I have a couple of sites that run on Cloudflare. I don’t remember what was involved in setting them up, other than changing the DNS settings to point to Cloudflare’s NSs rather than mine, but if I can do it, anyone can!
I’m not a fan of CloudFlare I think from memory that complications arose with dynamic sites and their caching system. CloudFlare works fine on static sites and I suppose I could try setting up a “placeholder” site to store the CSS and image files and link to my other sites.
I would prefer using the free 1GB CDN on Amazon or Google but as mentioned they are remarkably complicated and speciliase in paying customers.
AWS Cloudfront provides 5TB transfer out and 10 million requests per month free.
In addition, for new accounts many more free and discounted services are available for a year.
This being said the complexity of setting up a cdn on aws is because there isn’t really a push button to create a cdn. Creating a cdn on aws requires combining two services. Those services are s3 and Cloudfront.

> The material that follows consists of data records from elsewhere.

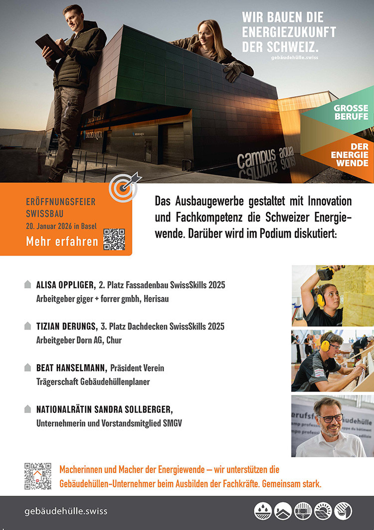 Vom historischen Globus Basel zum Vorzeigebeispiel nachhaltiger Sanierung: Die Eröffnungsfeier der Swissbau 2026 zeigt, wie das Ausbaugewerbe mit Innovationsgeist und Fachkompetenz die Schweizer Bauwende gestaltet – und diskutiert, was es dafür an Talenten und Unternehmergeist braucht. Gebäudehülle Schweiz und ihre Gebäudehühlle-Profis leisten einen wertvollen Beitrag dazu. An dieser Feier sind wir im Podiumsgespräch wie folgt präsent:
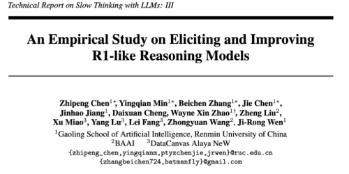 近日, 九章云极 DataCanvas 公司联合中国人民大学 STILL 项目团队、北京智源研究院团队联合在大模型慢思考推理技术上形成系列技术成果, 初步复现类 R1 推理模型, 完整开源了类 R1 类的实现细节以及训练技巧。进一步, 创新性提出使用代码工具来增强模型推理性能, 在 AIME 数学推理测试中超越 DeepSeek-R1 的模型性能。 相关成果已经形成论文《An Empirical Study on Eliciting and Improving R1-like Reasoning Models》, 在预印版论文网站 arXiv 上公开发表。
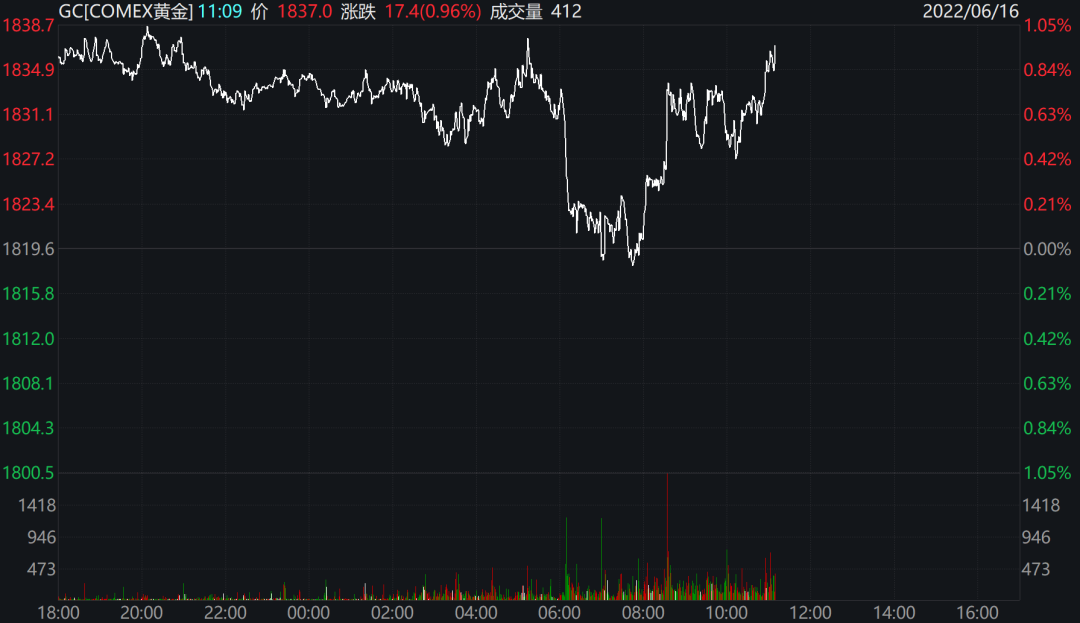 美、布两油短线涨幅扩大至逾2美元,现分别报114.73美元/桶和117.61美元/桶。COMEX黄金短线走高逾17美元,现报1837美元/盎司。
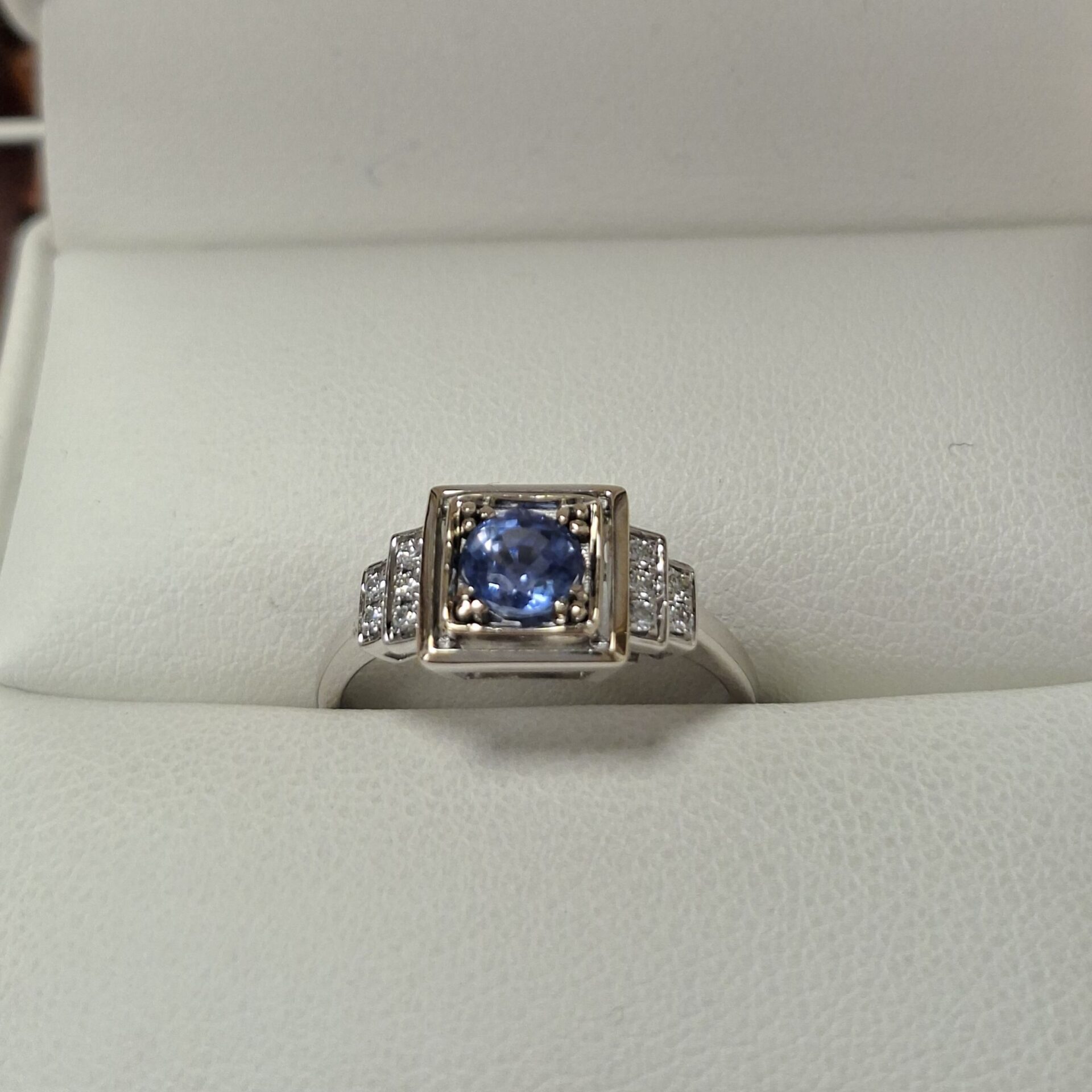 Bague or gris saphir diamants
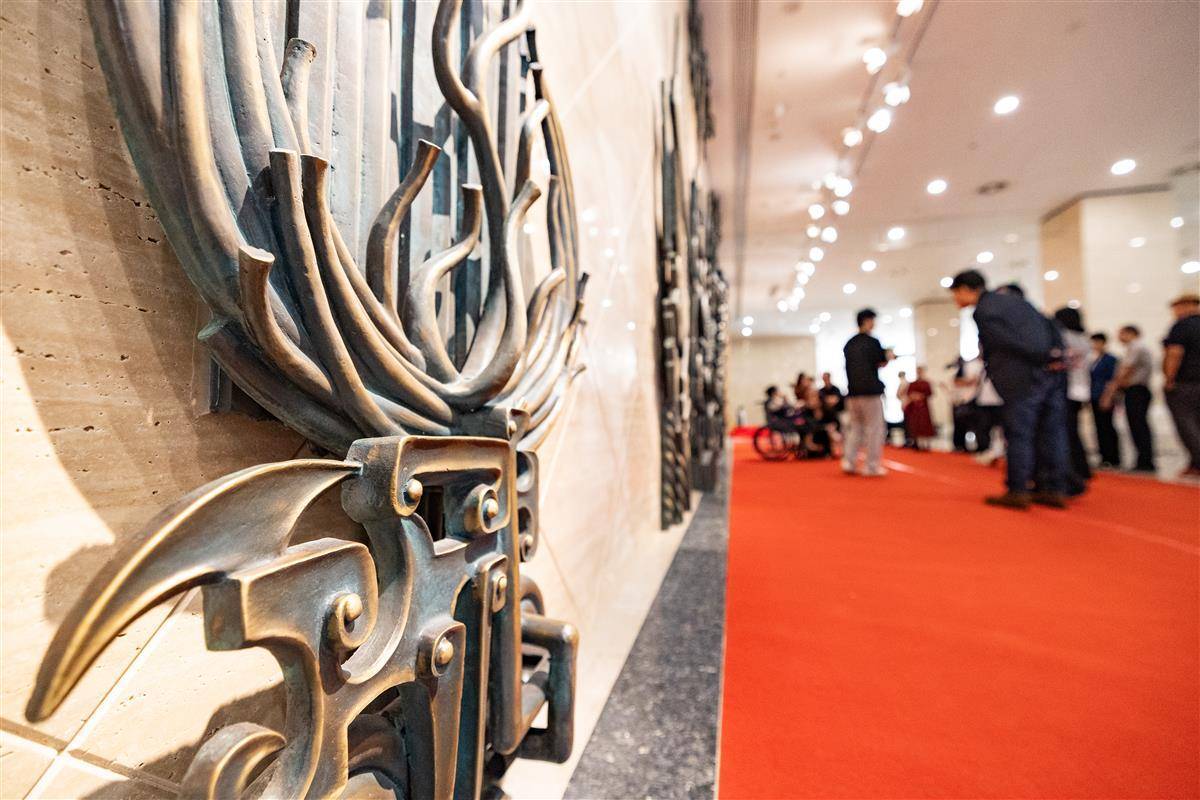 这件作品的画面,用了15件铸铜件悬浮组合而成,与编钟的材质达到一种和谐,壁面为云母片石板,在灯光下有闪烁的效果。并以我国传统照壁常用的棱形方式构成。这幅“壁画”,从最后选取的材质形式看,应称“铸铜壁面装置”。(湖北日报全媒记者 何宇欣 实习生 陶晨曦 摄)

s3 is an elastic object storage file system. The top level of each storage lets call it a drive is a bucket. A bucket can be made publicly available over the internet but that is not recommended. Instead cloudffront can be used to setup a distribution that exposes an s3 bucket or folder (prefix) within that bucket to the public inernet.
I think this video will explain doing this in detail. It sounds like it does.
I asked about access control because aws actually has some very powerful and flexible access control features. Using what is called federated identities read, write access can be restricted to objects and/or prefixes in s3. This requires using zero-trust signed URLs or signed cookies to authenticate and identify users. That said you can federate users through aws using a provider adaptor and some of the default adaptors provided integrate directly with oauth and saml.
For my own application I’m actually not just storing compiled js, css, and html but data entities in natural form as json documents inside s3. For me this is a very cheap, highly available, scalable solution in comparison to a bulky relational database or even managed nosql db like mongo. All get by id (uuid) requests in the application fetch json flat files from the cdn rather than a physical database.
Lastly s3 objects can be used with Athena. In Athena you can build tables like in MySQL from objects and their contents stored in s3. Once the tables are defined and populated it can be queried using SQL.
I eventually managed to create an account which was not easy. Their validation images are difficult to read and it took several attempts. Then came the telephone SMS validation which is supposed to take up to ten minutes. Three attempts followed by a Support Ticket which wasn’t immediately answered and eventually after at least an hour three SMS notifications arrived!
S3 Bucket created and uploaded half a dozen images and now trying to fathom out how to create the cross-origin link permissions.
I’ve had enough for today and hope to render the images on my webpage tomorrow.
I had this idea about creating file structure mirror images but was unable to open any images if they are in a Bucket sub-directory. I searched and the advice was convoluted and I will have to reread with a clear head in order to understand the solutions.
Anyway I now have another tool in my toolbox will experiment to find the best usage.
If you want to host images, Cloudinary is a great way to go. They can automatically perform smart image resizing, cropping and conversion (favoring WebP if it is supported by the browser) while delivering images via a high speed CDN.
They have a very generous free tier — I don’t pay anything for my personal site and no credit card is required. If you’re not super invested in AWS, they might make a good alternative. You can also have sub-directories.
I was actually using cloudinary for a while. I ultimately made the decision to move to s3 because it would be much less expensive long term and didn’t require many of added media manipulation features. At the time I didn’t have a great understanding of fine grained access control which is now a huge benefit of aws. I also have a creative cloud subscription and it has been on my mind if that could used as a public facing cdn as well. That said s3 and aws is working out well for my side project purposes. Much of that knowledge is directly connected to my professional work as I’m able to speak and provide actually detailed solutions for cloud migrations even bypassing custom rest apis and communicating directly with services in the cloud like s3 in the browser.
This prototype demonstrates securely fetching objects from a s3 bucket directly in the browser using zero-trust signed http requests for calls to the rest api. There is a basic server-side proxy to circumvent cors but other than that http request is created and signed in the browser and sent directly to s3 rest api without a need for any custom middle layer.
This is the Typescript s3 implementation of that with the signHttpRequest method at the very bottom. Instead of using the s3 sdk the http request is manually created so it can be signed using that method.
This is the request that hits aws s3 directly through a basic proxy which would be v4 signed.
These two solutions combined effectively provide a feature rich, low cost, highly available, auto scaling, secure alternative to a traditional relational database or even something like mongo. Not to mention fine grained access control can be taken full advantage of using signed urls to communicate with each service through federated identities in aws cognito.